Fiscal Year Ended May 31, 2008 Compared to Fiscal Year Ended May 31, 2007, page 49

1. On page F-16, you state that revenue from New Oriental China for the fiscal year ended May 31, 2008 was $199,434, which represents 99% of your total reported revenue. However, you state that net income generated from New Oriental China was $13,478 for the same time period, which represents only 27% of reported net income. Please revise to explain the source of the remaining 73% of net income.

The Company respectfully advises the Staff that New Oriental China is a consolidated variable interest entity of the Company for which the Company is the primary beneficiary as disclosed in Note 1 to the financial statements (Page F-16). As disclosed in Note 1, the Company has entered into exclusive technical and other services agreement (“Service Agreements”) with New Oriental China under which the Company provides technical and other services to New Oriental China and its subsidiaries in exchange for a significant portion of the net income of New Oriental China.
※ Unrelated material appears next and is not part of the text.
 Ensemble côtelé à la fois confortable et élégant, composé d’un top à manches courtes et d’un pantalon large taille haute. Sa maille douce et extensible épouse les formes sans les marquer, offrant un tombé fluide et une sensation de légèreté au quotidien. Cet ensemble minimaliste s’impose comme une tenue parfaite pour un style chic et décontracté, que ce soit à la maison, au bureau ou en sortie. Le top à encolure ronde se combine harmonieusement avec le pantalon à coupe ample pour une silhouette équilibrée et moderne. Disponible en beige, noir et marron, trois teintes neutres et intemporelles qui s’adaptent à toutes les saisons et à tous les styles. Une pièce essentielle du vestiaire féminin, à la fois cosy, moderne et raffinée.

In accordance with the Service Agreements, New Oriental China was obligated to pay to the Company technical and service fees totaling $34,829,000 out of its income for the fiscal year ended May 31, 2008. Adding back the amount of the technical and service fees paid to the Company, New Oriental China contributed 98% of consolidated net income of the Company for the year ended May 31, 2008.


In future filings, the Company will also disclose the contribution of New Oriental China to consolidated net income before intra-group payments.
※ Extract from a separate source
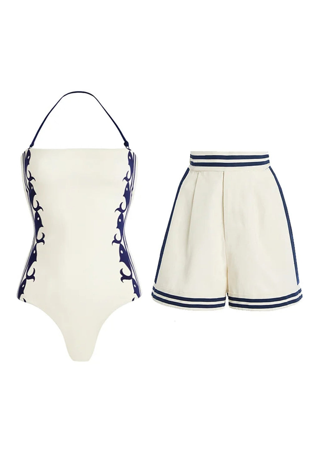 Maillot de bain blanc 2 pièces avec ensemble court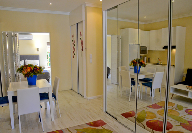 Rooms come with either twin or king-size extra length beds (of orthopaedic quality); and a "kitchen-cupboard" equipped with bar fridge, microwave, kettle and prep bowl. Each room has a big screen satellite TV with a variety of channels for sport and entertainment.

Share-based Compensation, page 55

2. We refer to your critical accounting policy for stock-based compensation. Please revise to describe the significant assumptions and estimates involved in determining stock compensation expenses and clarify why you believe the changes in the “subjective input assumptions may materially affect the fair value estimate[s].” Describe why these estimates and assumptions bear a risk of change and discuss how you arrived at the estimates used, how accurate the estimates and assumptions have been in the past, how much the estimates and assumptions have changed in the past, and whether they are reasonably likely to change in the future. This discussion should include material quantitative information and sensitivity analysis.
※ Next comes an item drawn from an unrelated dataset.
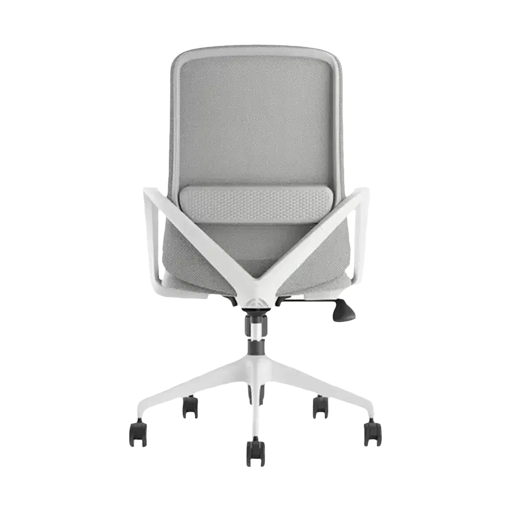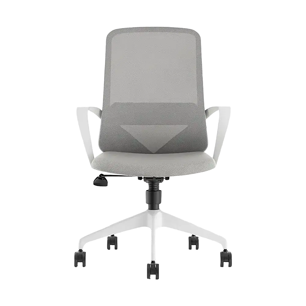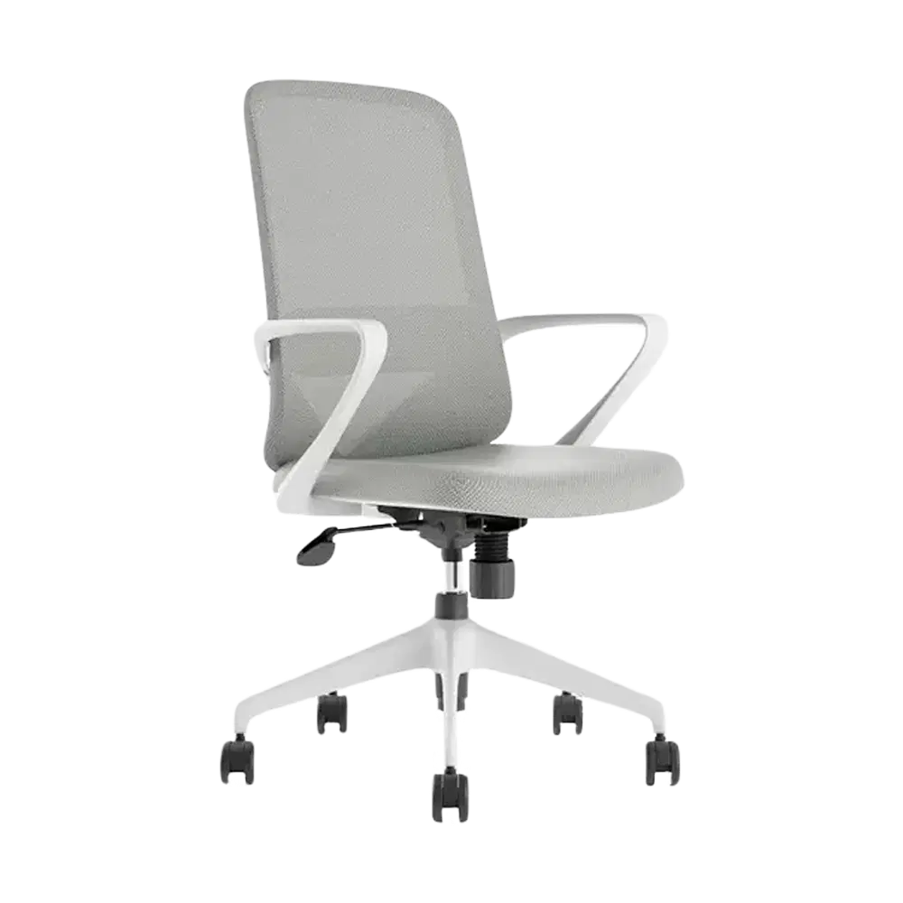 Incorpora respaldo reclinable en malla gris claro con soporte lumbar fijo y acolchado que brinda un apoyo ergonómico suave durante toda la jornada. Su asiento tapizado con espuma de alta densidad ofrece confort prolongado, mientras que los apoyabrazos fijos mantienen la postura del usuario estable. La base giratoria con ruedas y el mecanismo de ajuste de altura permiten adaptarse fácilmente a diferentes usuarios y tipos de estación.

The Company respectfully advises the staff that the Company determines the fair value of stock option awards at the grant date using the Black-Scholes model. The significant assumptions involved in applying that model are:

1 the expected share price volatility over the term of the awards,

2 actual and projected employee share option exercise behavior, and

3 risk-free interest rates for instruments with a maturity substantially equal to the expected duration of the award.

The Company believes that these assumptions are subjective in nature and the use of different assumptions at the grant date would have impacted the determination of the fair value of the award.

In response to the Staff’s comment, in future filings, the Company will expand on its disclosure of the critical accounting policy in relation to stock-based compensation in substantially the following form:

In January 2006, we adopted the 2006 Share Incentive Plan under which we have granted a total of 12,766,000 share options. We record the compensation cost based on our determination of the grant date fair value of such awards in accordance with SFAS 123(R). To determine the grant date fair value of options, we use the Black-Scholes option pricing model. This model requires the use of certain subjective assumptions.

For grants made under the 2006 Share Incentive Plan, we have historically used the following assumptions:

 

     2006     2007  

Weighted average risk-free rate of return

   3.82 %   3.86 %

Weighted average expected option life (year)*

   5.88     5.88  

Weighted average volatility rate

   50.5 %   50.5 %

Weighted average dividend yield

   —       —    

 

*  This is the weighted average expected option life used by the Company. There is a typographical error in what is currently disclosed in page F-34 of the 2008 20-F which will be revised in our 2009 20-F.

     

 

2


(a) Risk-free interest rate

Risk-free interest rate was estimated based on the yield, as of the grant date, to maturity of China international government bonds with a maturity period close to the expected term of the options. For future grants we will determine the risk-free interest rate based on similar instruments.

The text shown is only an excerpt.